The cellular basis of compensatory muscle growth in the teleost Odontesthes bonariensis

This study evaluates white muscle growth and in vivo cell proliferation during a fasting and refeeding trial, using pejerrey Odontesthes bonariensis as animal model, in order to better understand the cellular basis governing catch-up growth. Experiments consisted in two groups of fish, a control one continuously fed ad libitum, and a group fasted for 2 weeks and then fed for another 2 weeks. We examined how the formation of new muscle fibers and their increase in size were related to muscle precursor cell (MPC) proliferation under both experimental conditions.
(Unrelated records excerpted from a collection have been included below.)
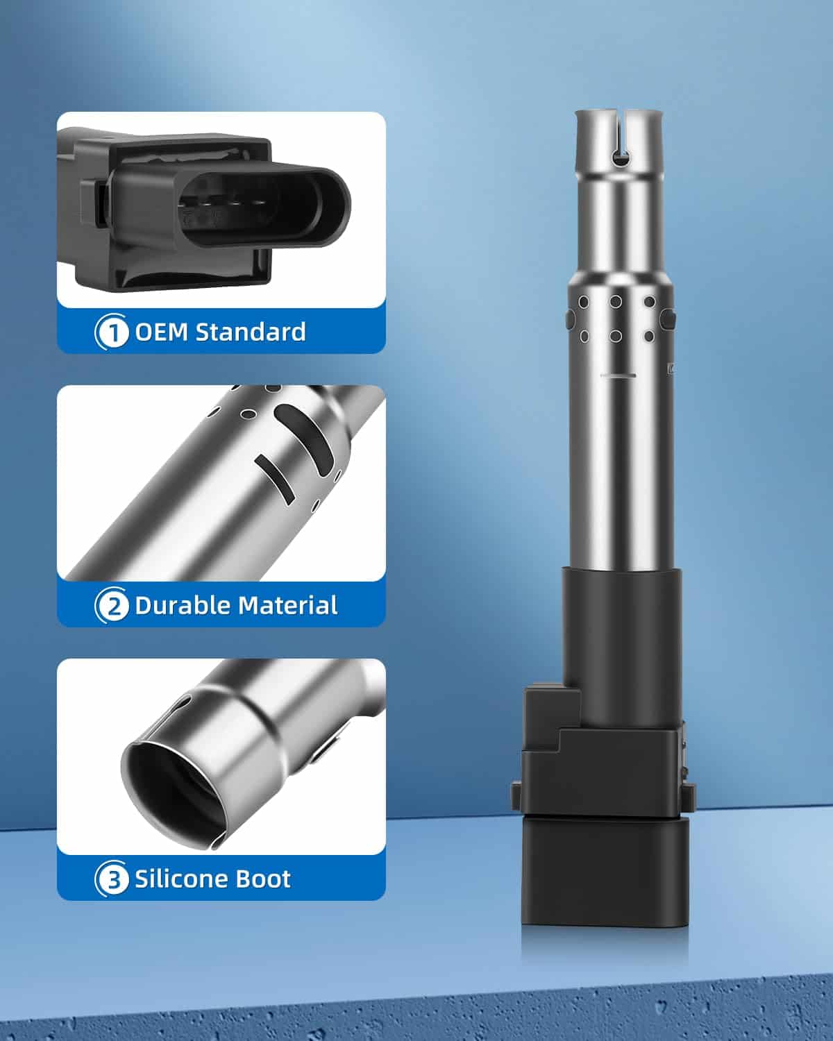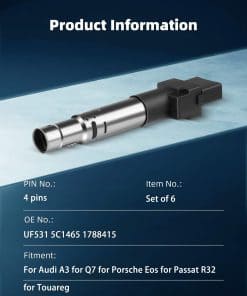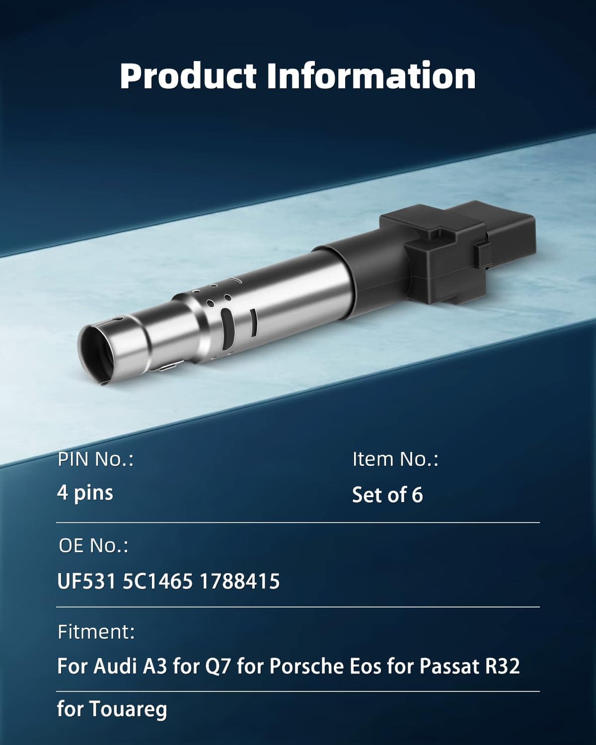 Compatibilidad: AUDI A3 (2006 – 2008), AUDI Q7 (2007 – 2008), AUDI TT (2004 – 2008), PORSCHE CAYENNE (2004 – 2010), VOLKSWAGEN EOS (2007 – 2008), VOLKSWAGEN GOLF 2004, VOLKSWAGEN PASSAT (2006 – 2008), VOLKSWAGEN R32 2008, VOLKSWAGEN TOUAREG (2004 – 2008). Empaquetado Incluido: 6 bobinas de encendido. Nota: Revise la información anterior cuidadosamente para asegurarse de que esta pieza se ajuste a su vehículo.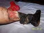 狱医张俭红第二天看了宋会兰的右腿后说:“这条腿废了。”当时宋会兰的右腿起了大紫泡。回家后,宋会兰身体僵直、眼神发呆、不会说话,手、腿直挺挺的,不能回弯,象木头人一样,没有任何反应和知觉,右腿以下,脚面、脚趾全部坏死,呈黑色,淌血水,摸上去硬邦邦,象铁板一样,一敲砰砰响。一天比一天恶化,越来越黑,越来越硬。一动弹,就顺着腿淌血水。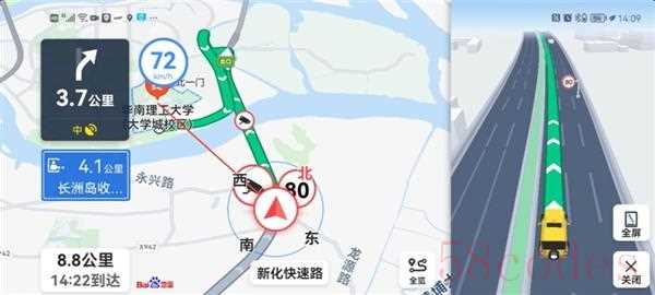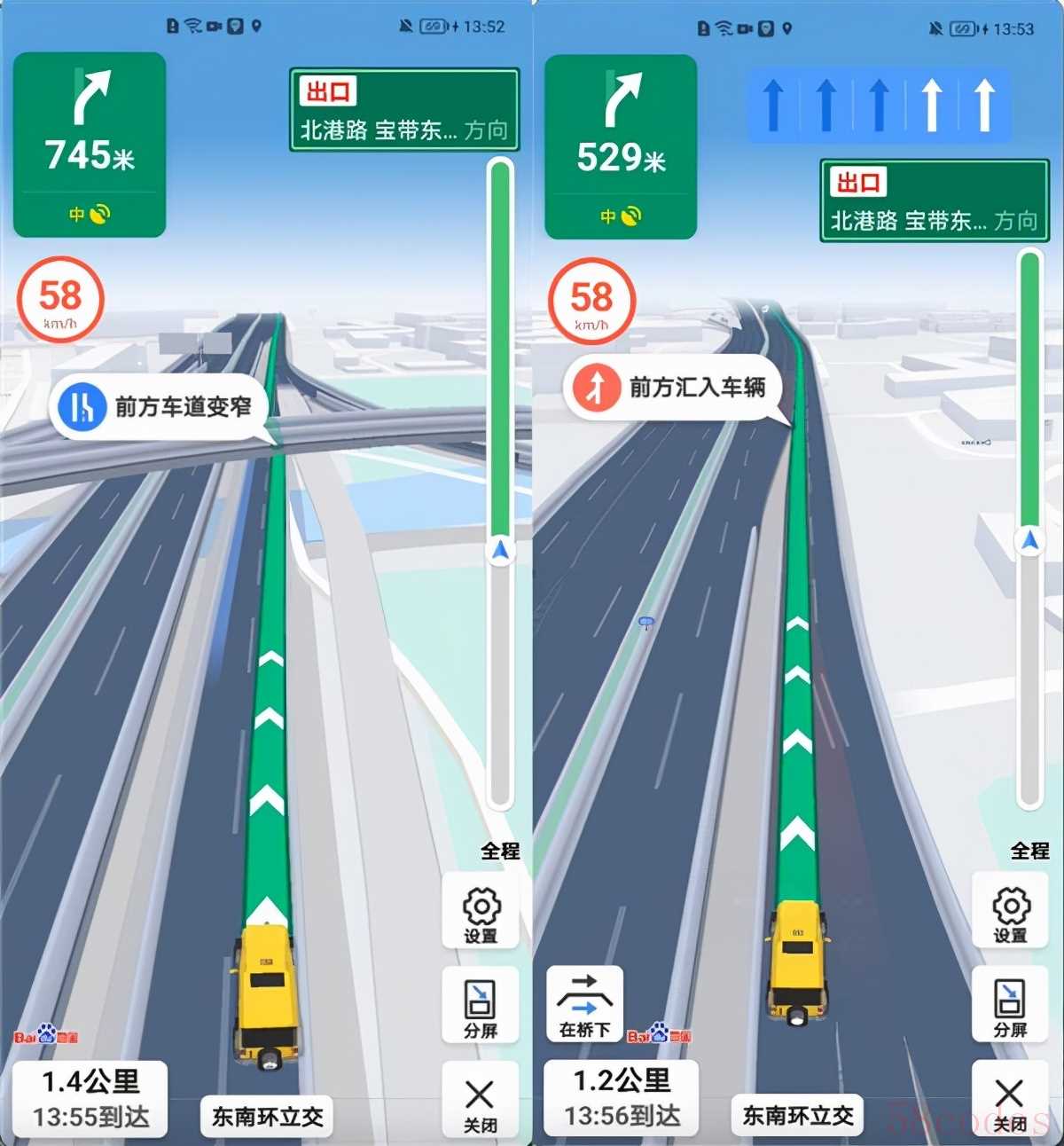 此外,百度地图车道级导航也更加精细化,支持地面车信、限速、方向看板等元素呈现,实现行车线、地面道路配色、高速护栏、道路隔离等全量要素的视觉效果升级,帮助用户一目了然地获取道路信息,可谓“所见即所得”。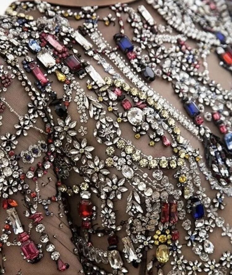 我们常会被法式刺绣那种奢华感所感染,这也正是Chanel、Dior、Elie Saab等一众一线大牌的高级定制选用它们的原因。宝石的镶嵌于金银线的穿插都让法式刺绣本身就带有价值不菲的身价。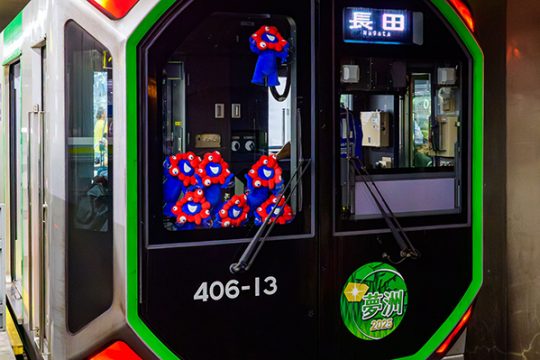 ●半年間、万博会場へのピストン輸送を担った大阪メトロ400系。閉幕が迫る中、運良く撮れたミャクミャク添乗編成。2025.10.10 Osaka Metro 中央線 阿波座 P:安達…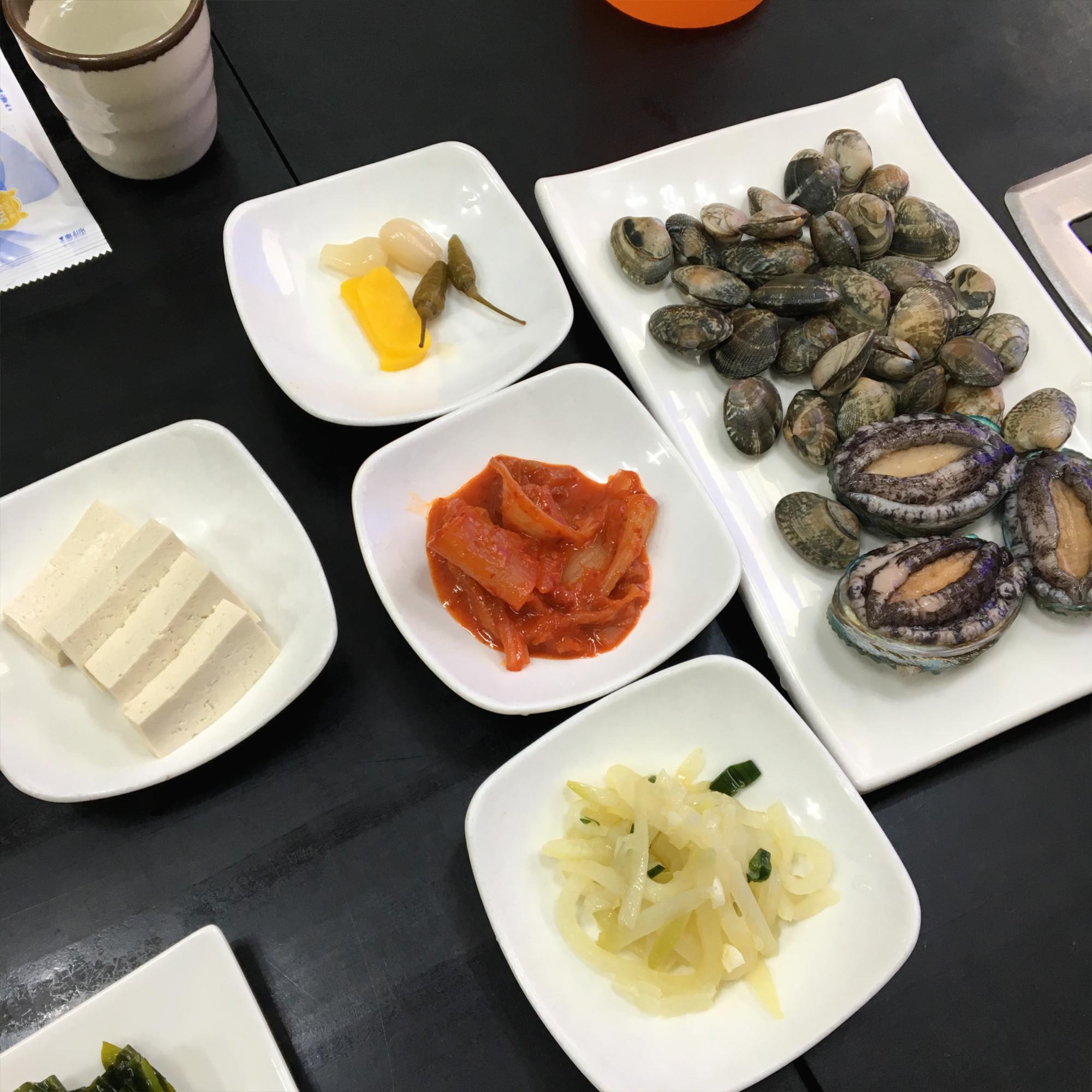 나머지 반찬들은 굉장히 정갈하게 먹을만큼 나왔고, 저 전복과 조개들이 생으로 올라와있어서.. '뭘 하려는거지?..' 하는 궁금증이 생기는 밑반찬이었습니다.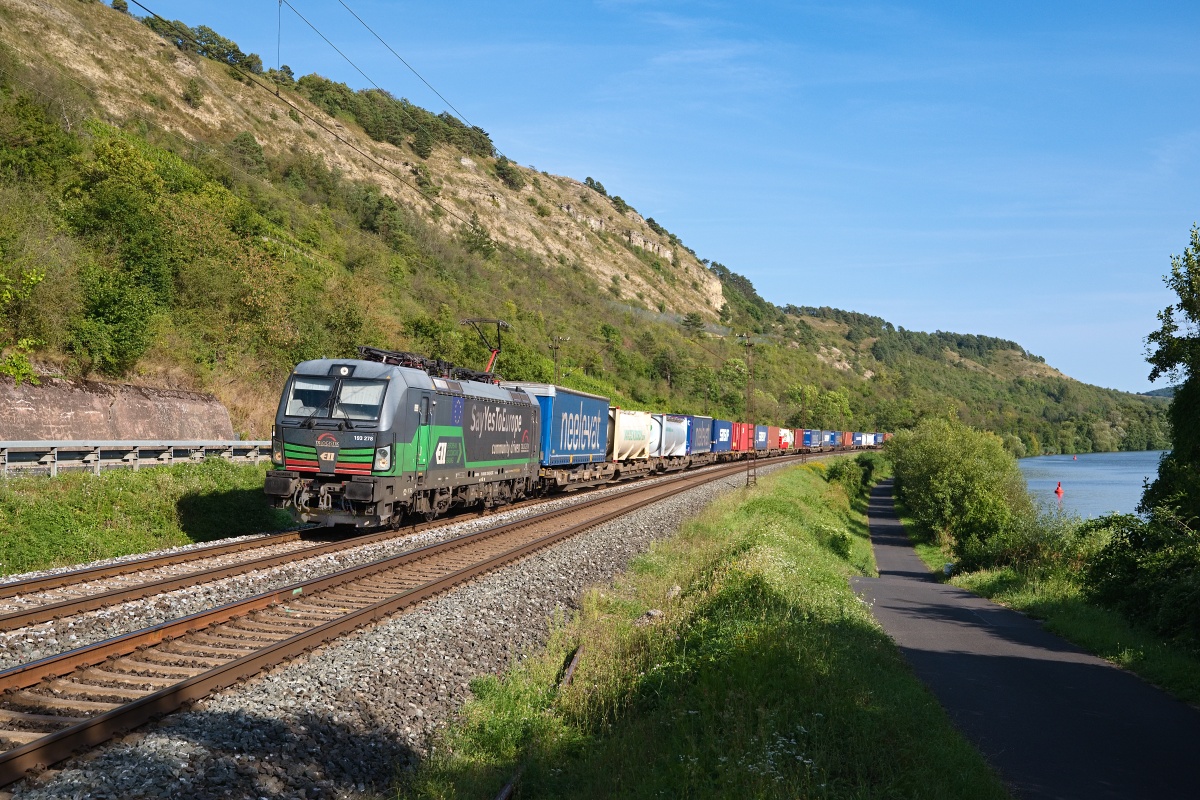 bei Harrbach im Maintal mit 192 010-7 "Blaues Wunder" und einem CT-Zug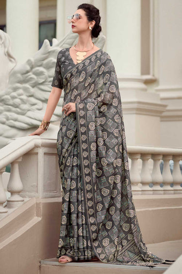 Grey Color Printed Work On Art Silk Fabric Beatific Saree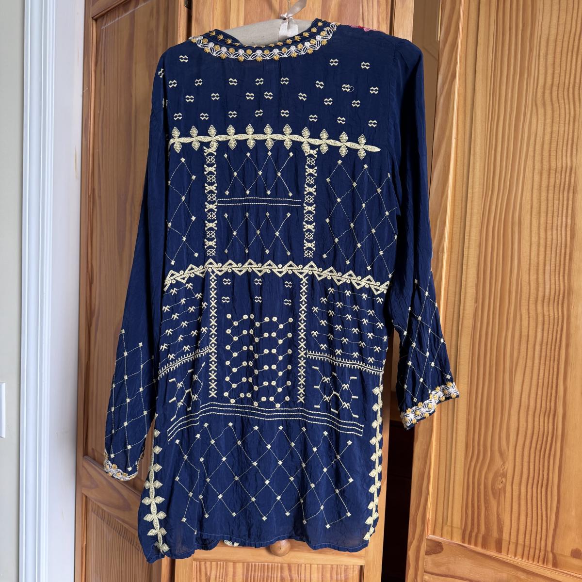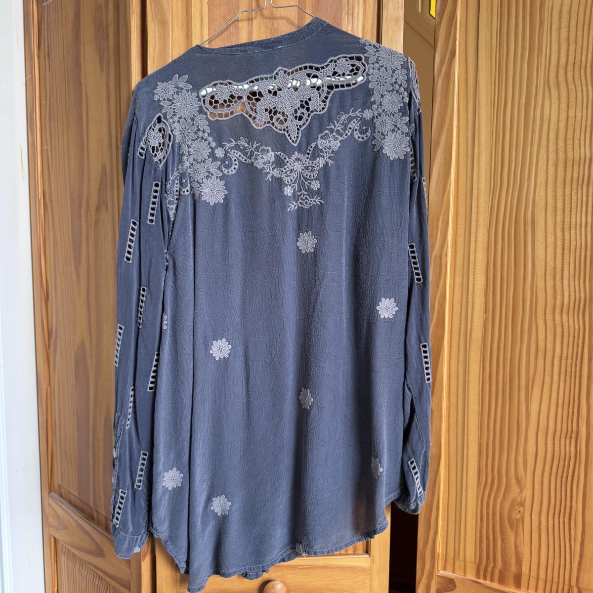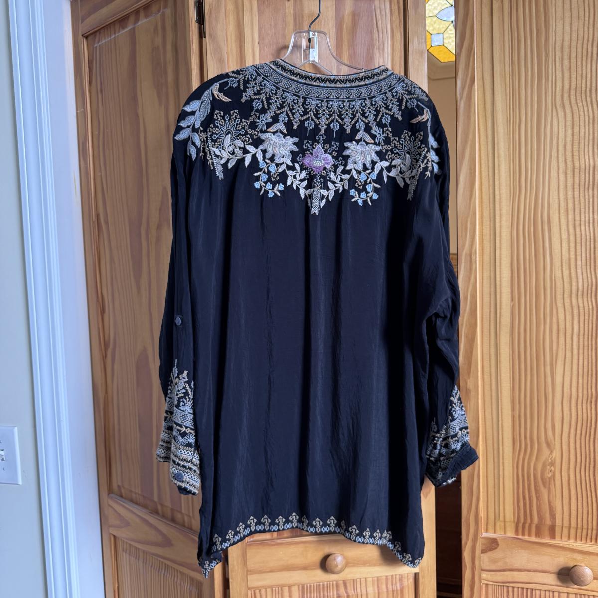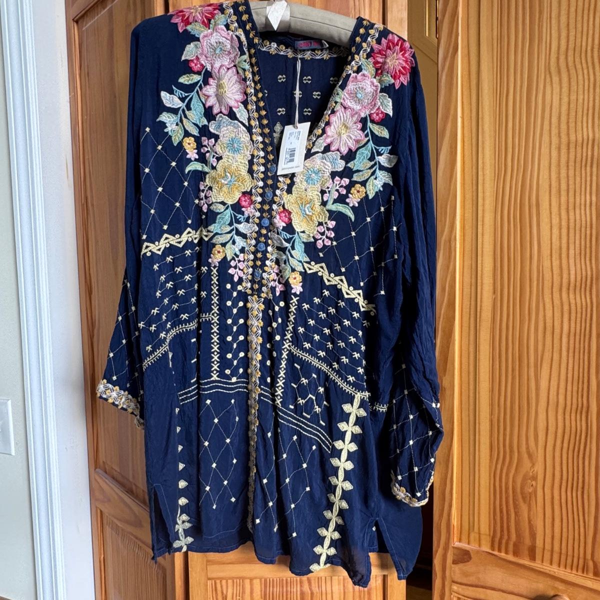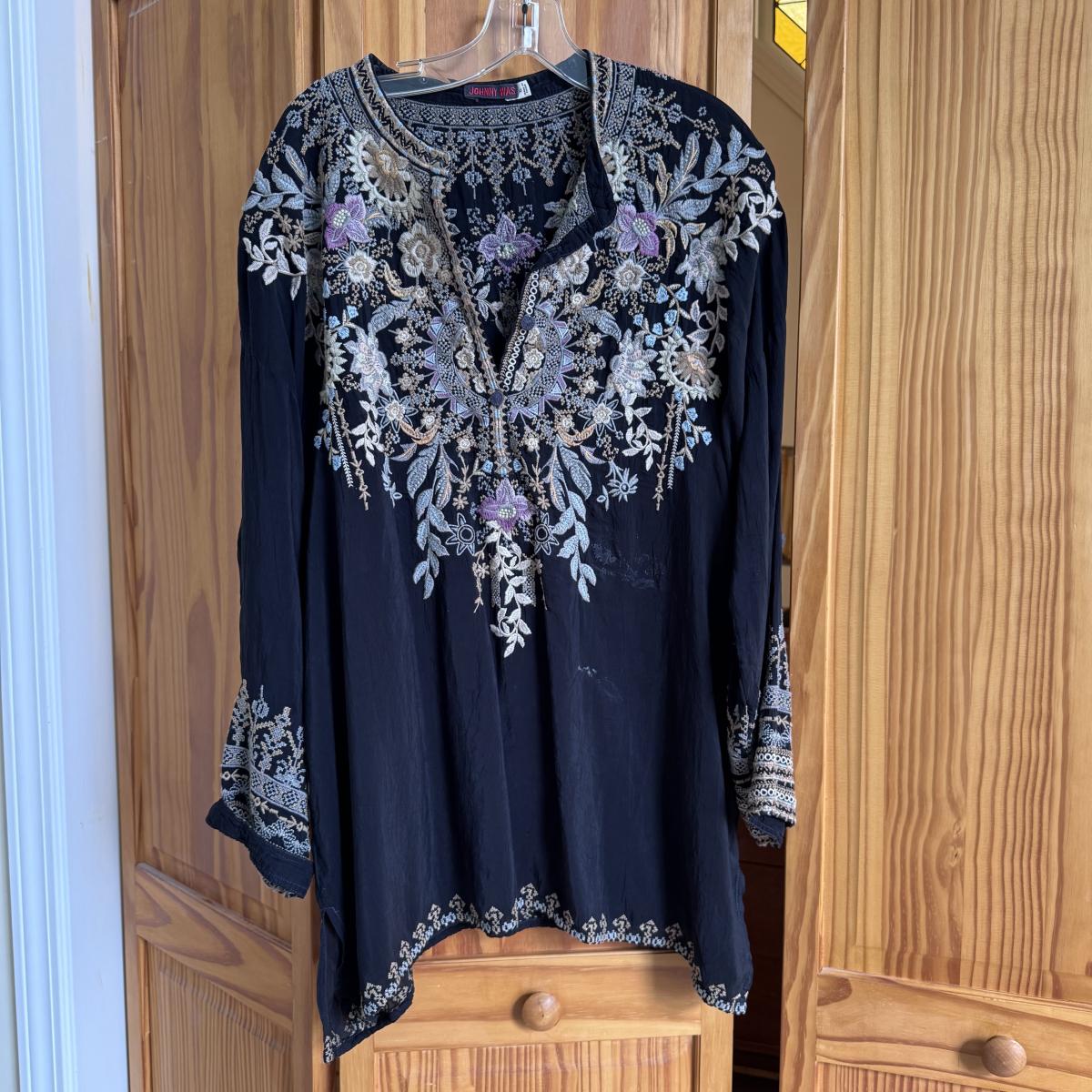 This lot includes four blouses from Johnny Was, all sized at XL. The first blouse individually pictured is new with tags. The last two blouses pictured have a few stains on them - see pictures included. Shipping available.
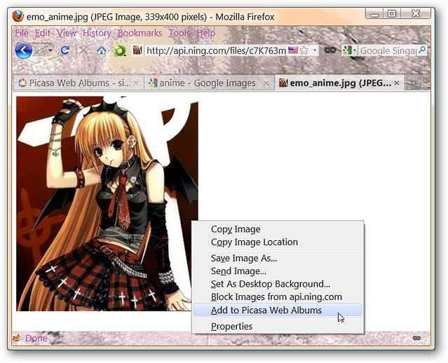 Μόλις κατεβάσετε την επέκταση και την εγκαταστήσετε, είστε έτοιμοι να ξεκινήσετε. Δεν υπάρχουν ρυθμίσεις ή διαμορφώσεις που πρέπει να ληφθούν υπόψη. Μόλις βρείτε μια φωτογραφία που σας αρέσει, χρησιμοποιήστε το μενού με το δεξί κλικ για να προσθέσετε τη φωτογραφία στα Λευκώματα Ιστού Picasa.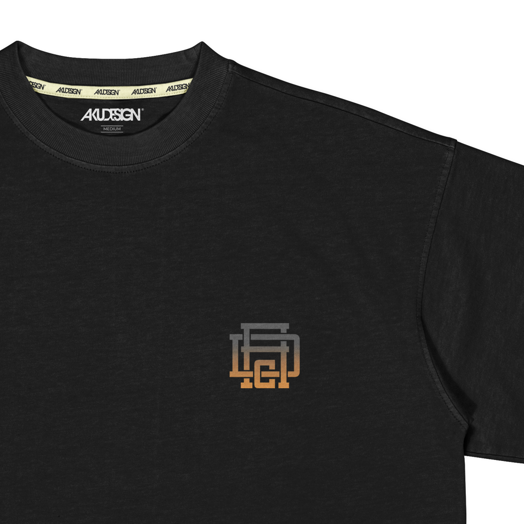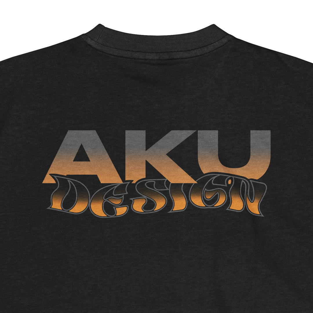 The front features the Akudesign Mono logo, clean, sharp, and straight to the point. Minimal presence, maximum identity. Flip to the back and it elevates. The Akudesign typography wordplay logo takes over in a monochrome gradient composition, infused with a subtle orange fade effect that adds depth and heat against the black base. Controlled, but eye catching. A balance between minimalism and visual punch.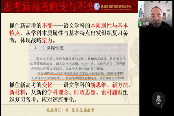 在第二环节中,吴老师以“思考新高考的变与不变”为中心,指出我们应该抓住新高考的不变——语文学科的本质属性与基本特点,从学科本质属性与基本特点出发组织复习备考。同时,我们还应抓住新高考的变化——语文学科的新思维、新方法、新材料,从新的学科理念、时政思想、素材题型组织复习备考,应对潮流变化。

During fasting, the number of 5-ethynyl-2'-deoxyuridinepositive (EdU+) cells decreased along with myogenic regulatory factors (MRF) mRNA levels related to myoblast proliferation and differentiation, and the muscle stem cell-markerPax7 mRNA level increased. Analysis of myomere cross-sectional area, distribution of muscle fiber sizes and number of fibers per myomere showed that muscle hypertrophy but not hyperplasia was inhibited during fasting. Both higher igf2 mRNA level and the persistence of cell proliferation could be supporting new myofibre formation. On the other hand, an exacerbated MPC proliferation occurred during catch-up growth, and this increase in cell number could be contributing to the growth of both pre-existing and newly form small fibers. The finding that some MPCs proliferate during fasting and that muscle growth mechanisms, hyperplasia and hypertrophy, are differentially regulated could help to explain why re-fed fish could growth at higher rates, and why they return to the lost growth trajectory.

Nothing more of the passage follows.